When a worker starts, it will defer periodic tasks that have not been deferred yet but a task that is more than 10 minutes late will not be deferred. This value is configurable in the
App
.
Timestamp argument¶
By default, periodic tasks receive a single integer argument, named
timestamp
. it represents the Unix timestamp of the date/time it was
scheduled for (which might be arbitrarily far in the past).
Scheduling a job multiple times with multiple arguments¶
It’s possible to pass additional arguments to App.periodic()
, they will be used
to configure the periodic task. Arguments are identical to Task.configure()
.
This can let you add multiple periodic schedules for a single task. If you do
that, you will need to pass a periodic_id
argument to App.periodic()
, which
will be used by Procrastinate to distiguish the different schedules of the same
task.
Of course, you can also use arguments on App.task()
which will be common to all
schedules.
@app.task(lock="do_something_lock")
def do_something(timestamp: int, value: int):
...
app.periodic(
cron="*/5 * * * *",
queue="foo",
task_kwargs={"value": 1},
periodic_id="foo",
)(do_something)
app.periodic(
cron="*/8 * * * *",
queue="bar",
task_kwargs={"value": 2},
periodic_id="bar",
)(do_something)
In the example below, the do_something
task would be deferred every 5
minutes on the queue "foo"
with value=1
and every 8 minutes on the
queue "bar"
with value=2
. And either way, it would be deferred with the
lock "do_something_lock"
.
Note
The arguments schedule_in
and schedule_at
of Task.configure()
would be
confusing in this context, so they’re ignored.
Using cron¶
It’s also perfectly valid to leverage cron or systemd timers to periodically defer jobs, and queuing locks to keep them from accumulating in case of a slowdown in processing.
Here’s how to use cron to launch a job every 15 minutes, without launching a new job when one (with the same queueing lock) is already waiting in the queue:
*/15 * * * * /path/to/env/bin/procrastinate --app=dotted.path.to.app defer \
--queueing-lock=maintenance --ignore-already-enqueued my.maintenance.task
Dynamic scheduling¶
By default, for scheduling to work, the workers must know about the schedule, so the calls to periodic (as a function or as a decorator) best be done right at task definition time.
There are cases where you’ll want the application to define the schedule, instead of it being fixed in the source code. Here’s an approach that will work in these scenarios:
When users request periodic task scheduling, store this somewhere (probably in a database, like you’d do for other parts of you application)

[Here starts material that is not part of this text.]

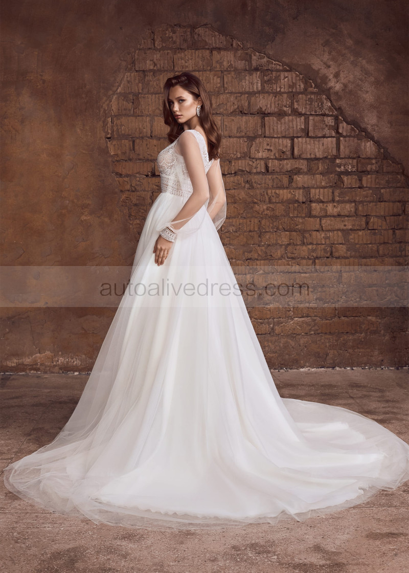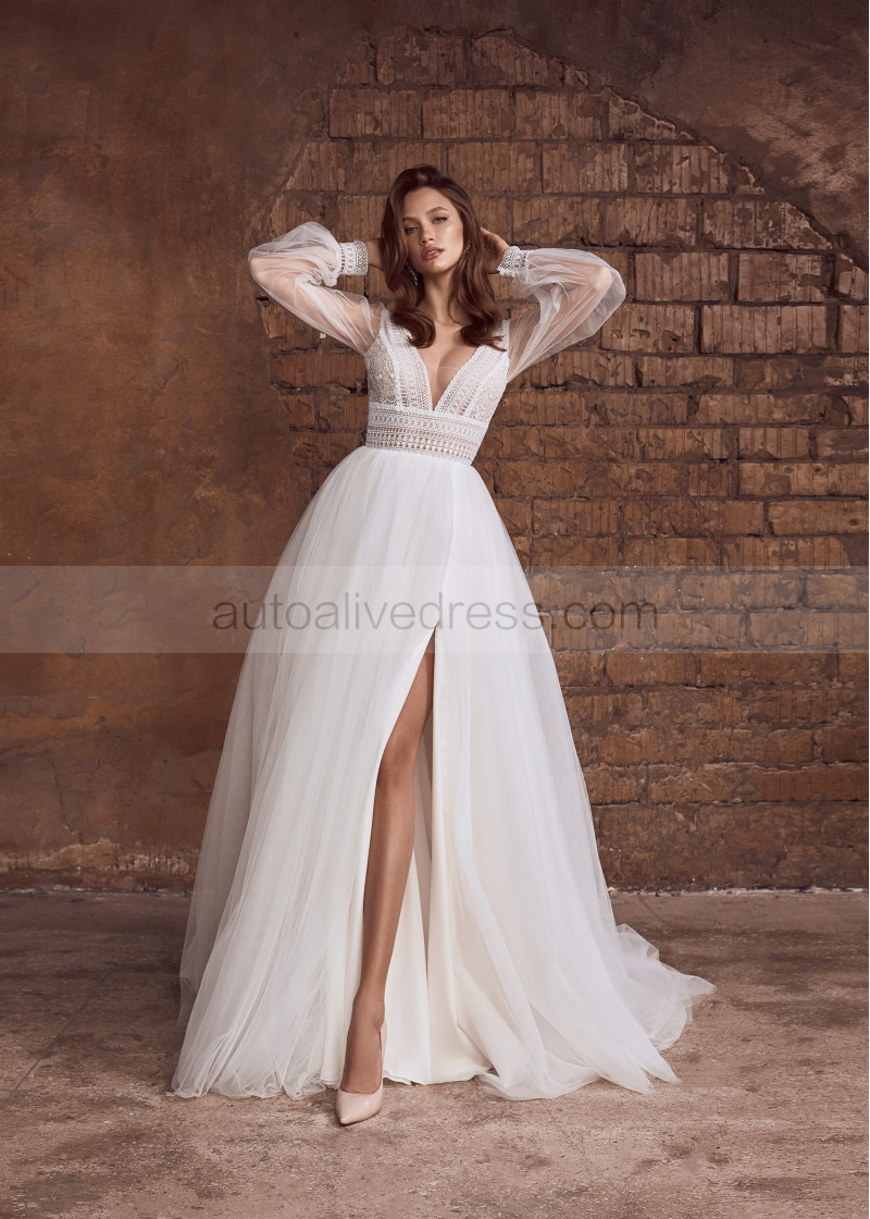 Long Sleeves Ivory Lace Tulle Slit Boho Wedding Dress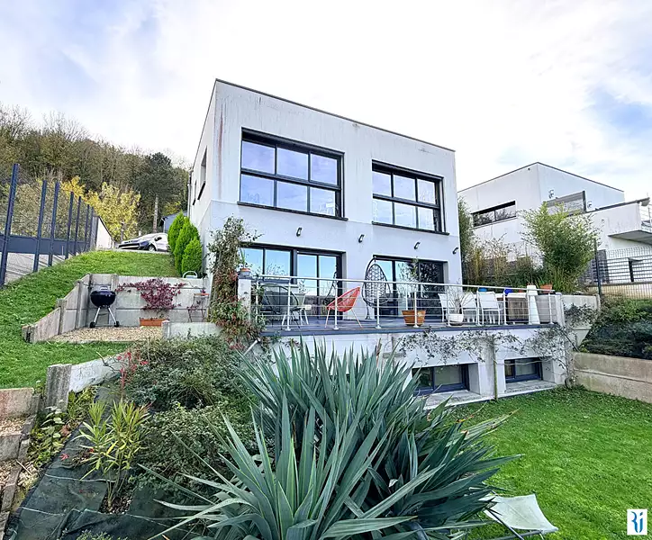 LE CABINET SAUVAGE TRANSACTION VOUS PROPOSE A LA VENTE CETTE JOLIE MAISON CONTEMPORAINE PLEINE DE CHARME DE 160 M2 HABITABLES ÉDIFIÉE EN 2014 SUR PLUS DE 900 M² DE TERRAIN ET COMPRENANT : AU REZ-DE-CHAUSSÉE: Une entrée donnant sur une jolie pièce de réception baignée de lumière de 46 m² et bénéficiant d'une incroyable vue dégagée panoramique ainsi qu'un WC. AU REZ-DE-JARDIN: Une spacieuse salle à manger avec cuisine ouverte aménagée et équipée de 41 m² donnant accès à une agréable terrasse de 26 m² ainsi qu'au jardin paysagé. Une arrière cuisine ainsi qu'un bureau / bibliothèque viennent compléter ce niveau. AU NIVEAU INFERIEUR: L'espace nuit composée d'un palier dégagement distribuant une salle de douche, un WC indépendant, une buanderie, 3 chambres dont une suite parentale avec salle de douche privative, un dressing. PRÉCISIONS: Huisseries doubles vitrages aluminium, volets roulants électriques centralisés, chauffage au sol électrique, portail électrique, un atelier de 6.50 m². NOTRE INSTINCT IMMOBILIER VOUS LA CONSEILLE POUR: Son emplacement recherché à proximité du CHU de ROUEN, environnement calme et sans vis à vis, sa vue panoramique, sa décoration soignée ainsi que son confort énergétique. A visiter rapidement ! (3.38 % honoraires TTC à la charge de l'acquéreur.)

Have a single normal periodic task that runs as frequently as the most frequent setting your users can schedule tasks to (e.g. 1/min if that’s the most often they can do it). On each run, the periodic task you implement will read the configuration from your backend, determine if something needs to be run for the received timestamp (use the received timestamp, not
time.time()
because tasks might be running late, but the timestamp you receive is always right), defer corresponding tasks and that’s it.The existing system already ensures that periodic tasks will run only once even if you have multiple workers.